• [PROBLEM TO SOLVE] Reproduce exactly, and only, the lines of the material below running from the line bearing "アツアツのもんじゃ焼きの後に" through the line bearing "急に寒くなっても困らないように、うさぎ小屋の冬支度をしました。". Leave any pictures out.

• [SOURCE DATA]

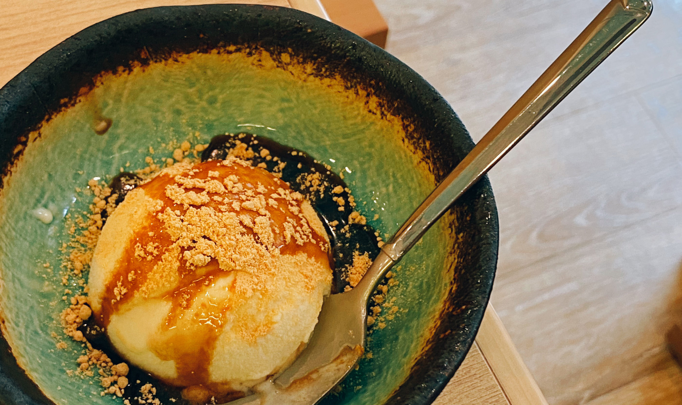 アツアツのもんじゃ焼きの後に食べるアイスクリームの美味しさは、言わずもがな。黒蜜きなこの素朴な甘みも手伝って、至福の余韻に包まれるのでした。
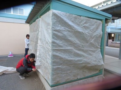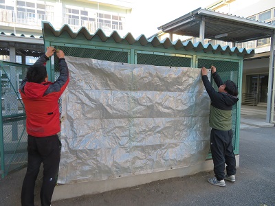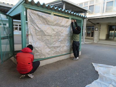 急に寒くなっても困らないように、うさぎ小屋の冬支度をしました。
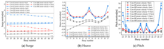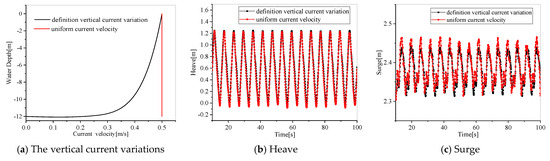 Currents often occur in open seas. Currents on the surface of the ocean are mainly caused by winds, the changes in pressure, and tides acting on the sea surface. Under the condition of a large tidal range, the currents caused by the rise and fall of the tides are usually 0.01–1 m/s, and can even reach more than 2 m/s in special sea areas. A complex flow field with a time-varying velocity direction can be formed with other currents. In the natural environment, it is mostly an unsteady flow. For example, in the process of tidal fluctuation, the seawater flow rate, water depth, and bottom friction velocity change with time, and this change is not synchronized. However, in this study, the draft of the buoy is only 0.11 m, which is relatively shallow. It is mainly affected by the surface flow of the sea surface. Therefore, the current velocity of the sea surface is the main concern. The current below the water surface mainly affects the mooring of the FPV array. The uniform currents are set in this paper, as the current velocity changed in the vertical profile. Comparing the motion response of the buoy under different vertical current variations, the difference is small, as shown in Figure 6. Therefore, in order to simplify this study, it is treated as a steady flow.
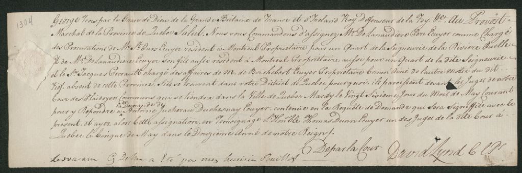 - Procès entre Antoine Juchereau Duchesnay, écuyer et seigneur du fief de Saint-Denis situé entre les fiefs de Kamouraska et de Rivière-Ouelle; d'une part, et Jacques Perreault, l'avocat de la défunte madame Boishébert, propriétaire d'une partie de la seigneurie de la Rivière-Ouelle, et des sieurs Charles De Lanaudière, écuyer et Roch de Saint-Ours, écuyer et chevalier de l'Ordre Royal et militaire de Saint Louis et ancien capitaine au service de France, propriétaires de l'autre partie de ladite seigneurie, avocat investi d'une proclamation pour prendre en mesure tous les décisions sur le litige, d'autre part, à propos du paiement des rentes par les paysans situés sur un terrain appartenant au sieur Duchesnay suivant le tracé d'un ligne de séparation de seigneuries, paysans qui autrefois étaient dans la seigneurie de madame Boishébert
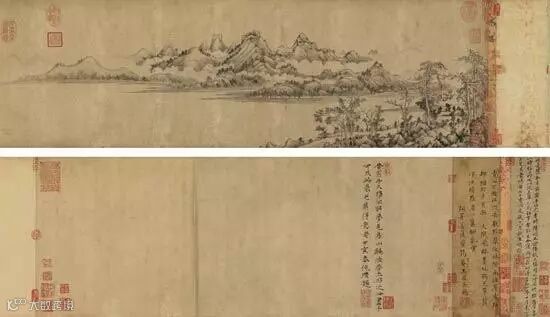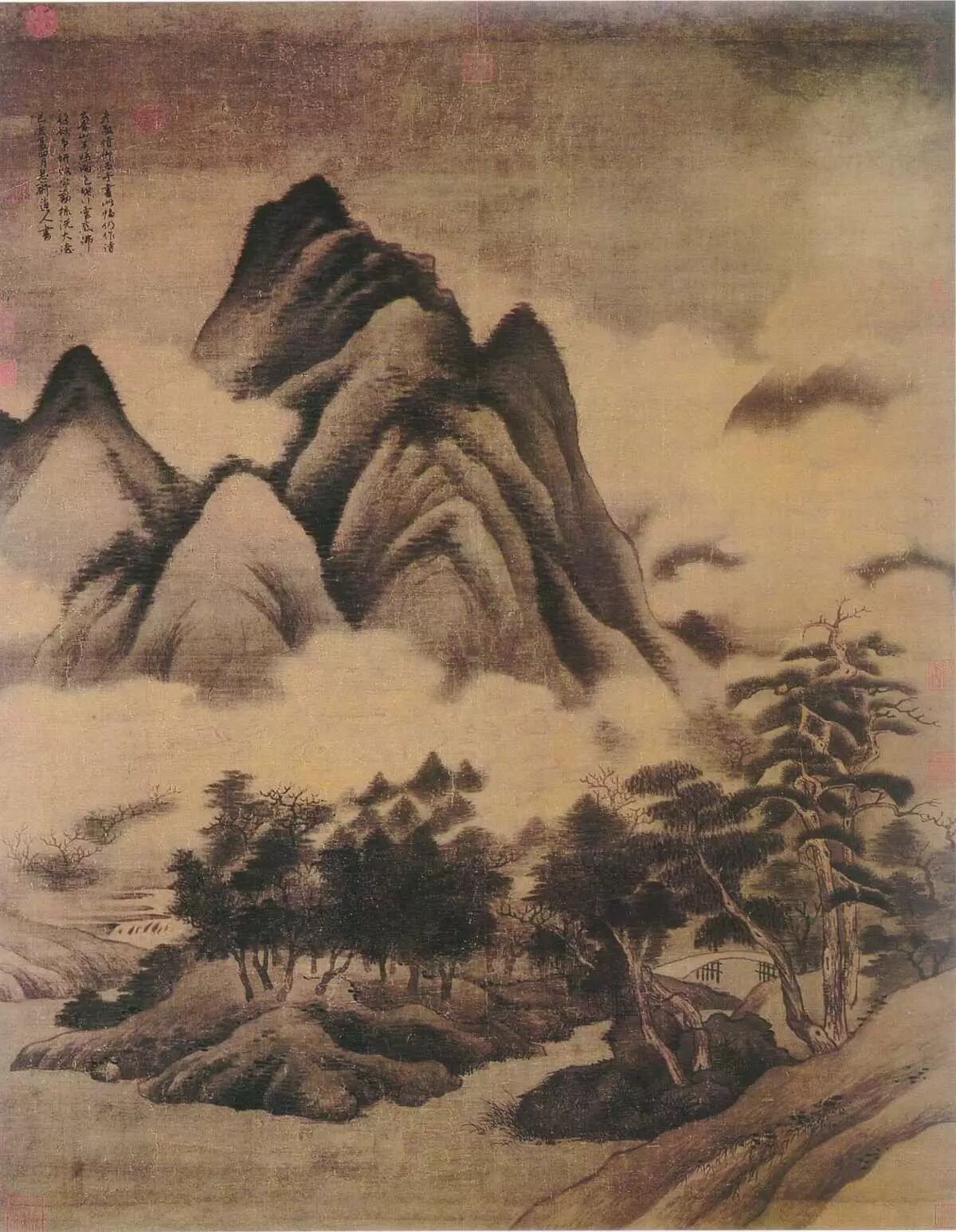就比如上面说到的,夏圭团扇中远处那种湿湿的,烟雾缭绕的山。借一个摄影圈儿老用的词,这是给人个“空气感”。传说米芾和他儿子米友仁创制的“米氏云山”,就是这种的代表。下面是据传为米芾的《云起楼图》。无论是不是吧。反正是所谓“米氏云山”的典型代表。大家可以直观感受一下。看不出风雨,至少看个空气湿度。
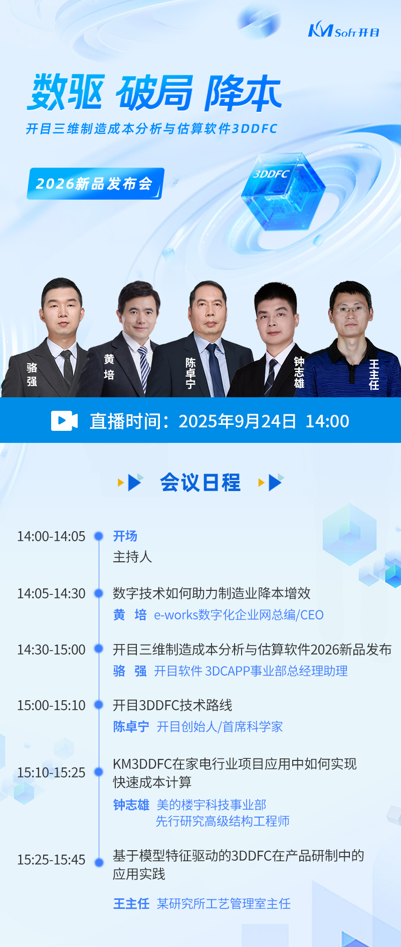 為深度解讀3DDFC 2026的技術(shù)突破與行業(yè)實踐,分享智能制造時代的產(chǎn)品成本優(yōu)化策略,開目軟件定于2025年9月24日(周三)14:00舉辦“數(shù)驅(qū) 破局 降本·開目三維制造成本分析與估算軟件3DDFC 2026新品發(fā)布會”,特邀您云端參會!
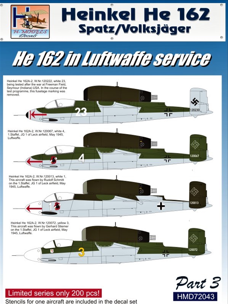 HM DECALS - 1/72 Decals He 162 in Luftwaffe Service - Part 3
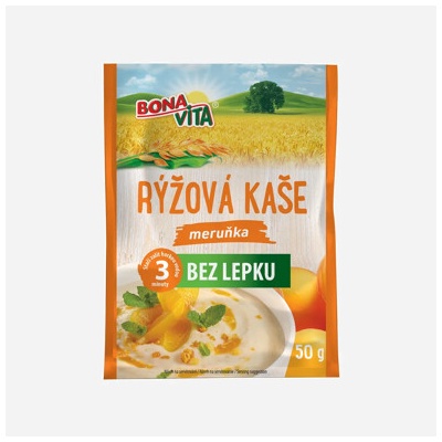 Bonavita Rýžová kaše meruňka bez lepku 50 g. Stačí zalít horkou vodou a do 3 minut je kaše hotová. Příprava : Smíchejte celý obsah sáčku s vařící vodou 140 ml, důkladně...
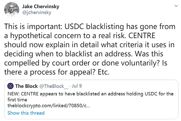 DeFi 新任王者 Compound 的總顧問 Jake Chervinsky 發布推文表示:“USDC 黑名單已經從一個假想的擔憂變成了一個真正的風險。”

--

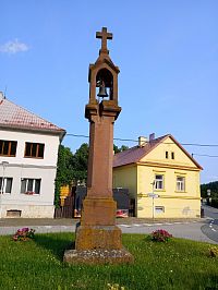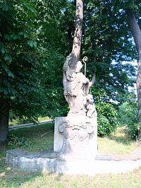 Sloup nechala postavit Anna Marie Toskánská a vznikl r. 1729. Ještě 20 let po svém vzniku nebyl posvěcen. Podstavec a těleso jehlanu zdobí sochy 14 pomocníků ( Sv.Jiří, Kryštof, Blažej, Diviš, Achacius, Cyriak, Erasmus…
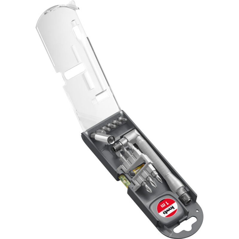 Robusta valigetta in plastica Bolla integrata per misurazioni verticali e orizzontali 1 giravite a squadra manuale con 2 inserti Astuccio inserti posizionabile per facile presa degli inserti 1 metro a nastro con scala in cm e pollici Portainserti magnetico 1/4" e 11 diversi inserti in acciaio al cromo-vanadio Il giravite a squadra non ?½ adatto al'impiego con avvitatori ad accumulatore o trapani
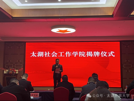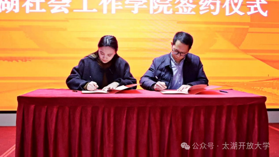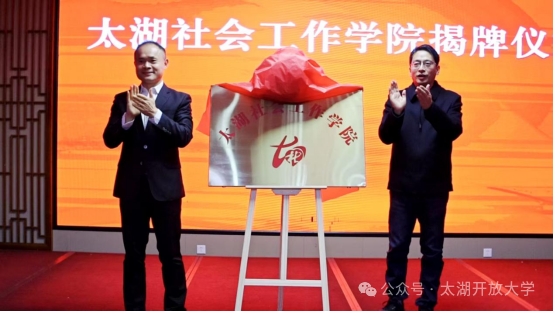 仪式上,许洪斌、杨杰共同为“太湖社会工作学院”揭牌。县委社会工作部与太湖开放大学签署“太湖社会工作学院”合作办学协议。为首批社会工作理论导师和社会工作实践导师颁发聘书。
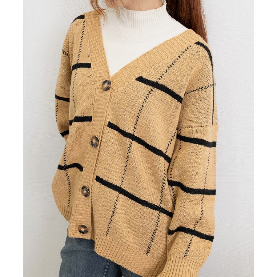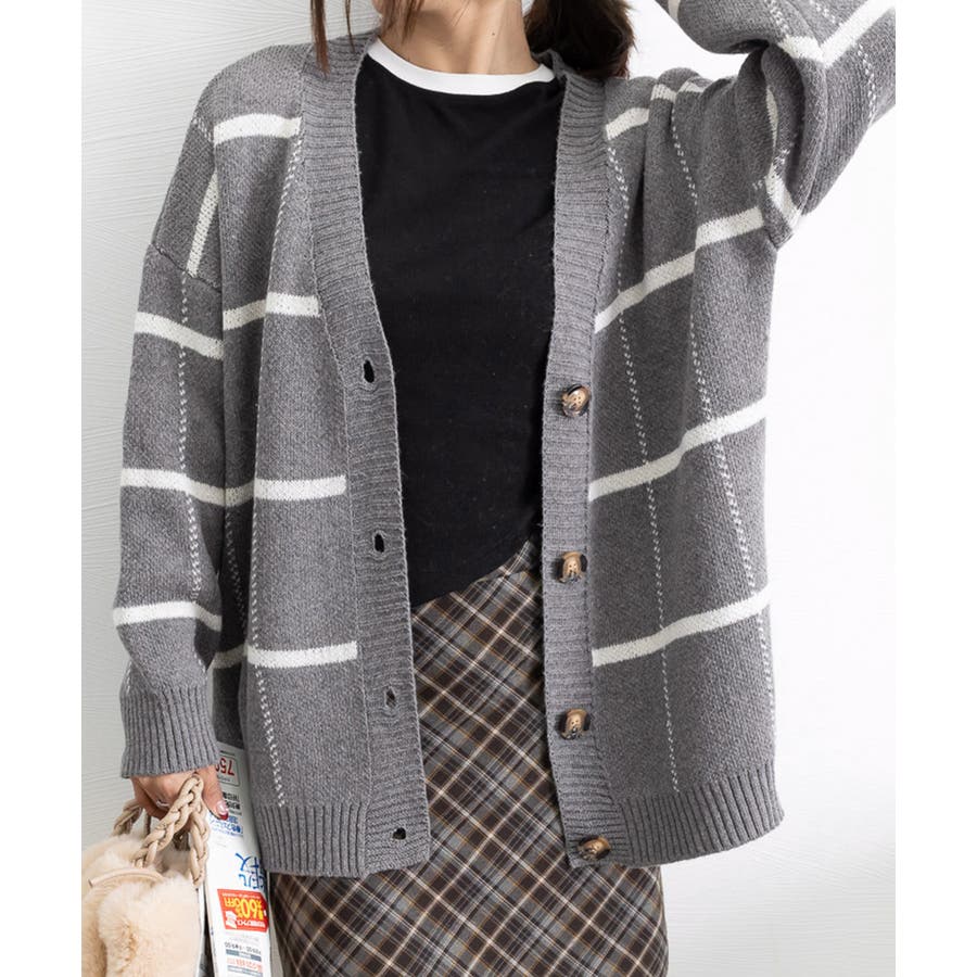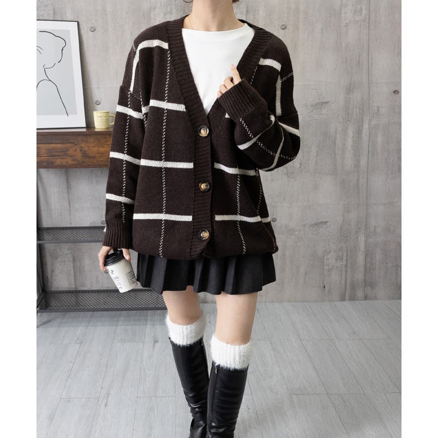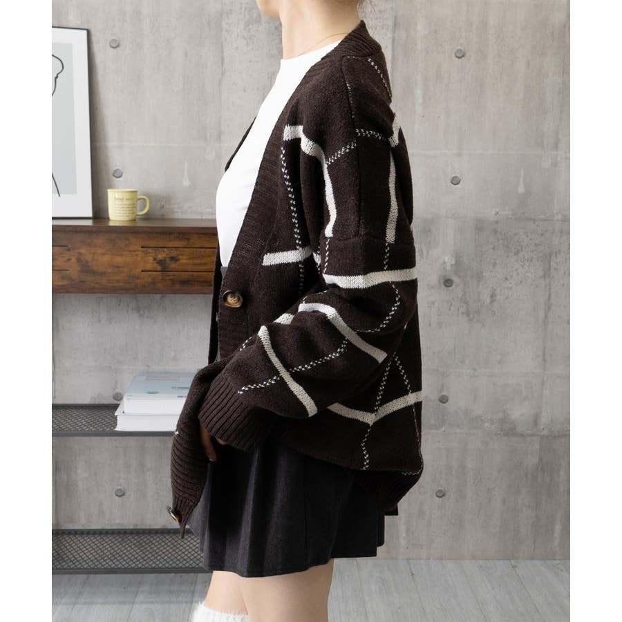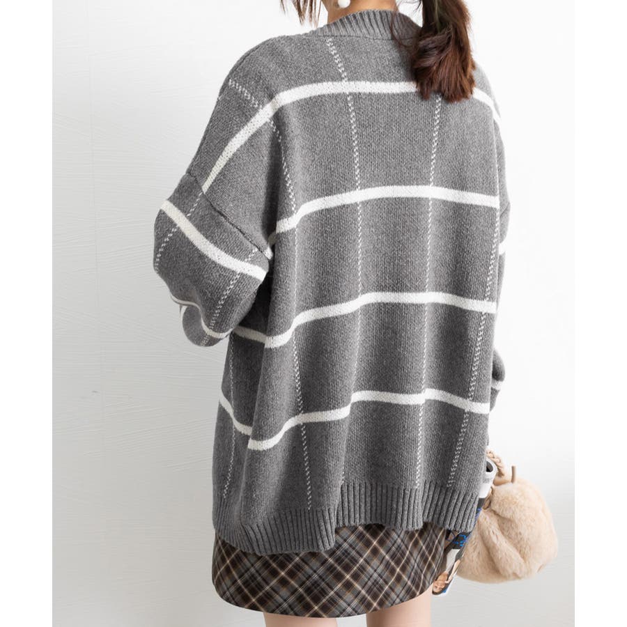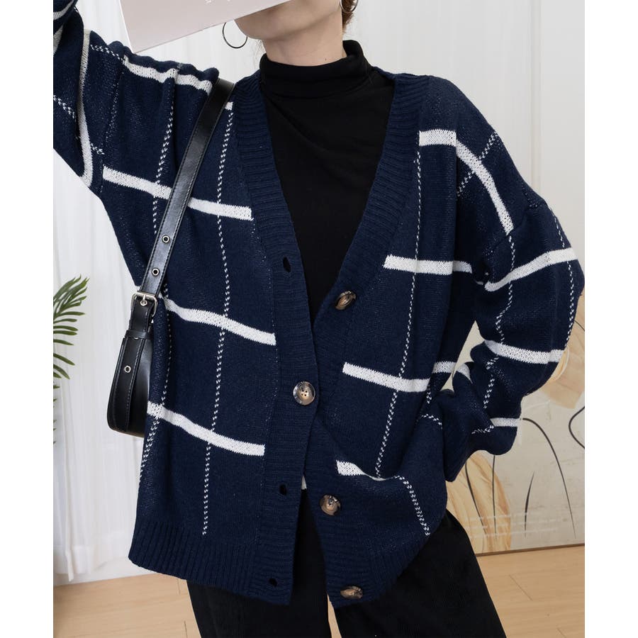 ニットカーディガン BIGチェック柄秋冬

• [YOUR SOLUTION]
 アツアツのもんじゃ焼きの後に食べるアイスクリームの美味しさは、言わずもがな。黒蜜きなこの素朴な甘みも手伝って、至福の余韻に包まれるのでした。
 急に寒くなっても困らないように、うさぎ小屋の冬支度をしました。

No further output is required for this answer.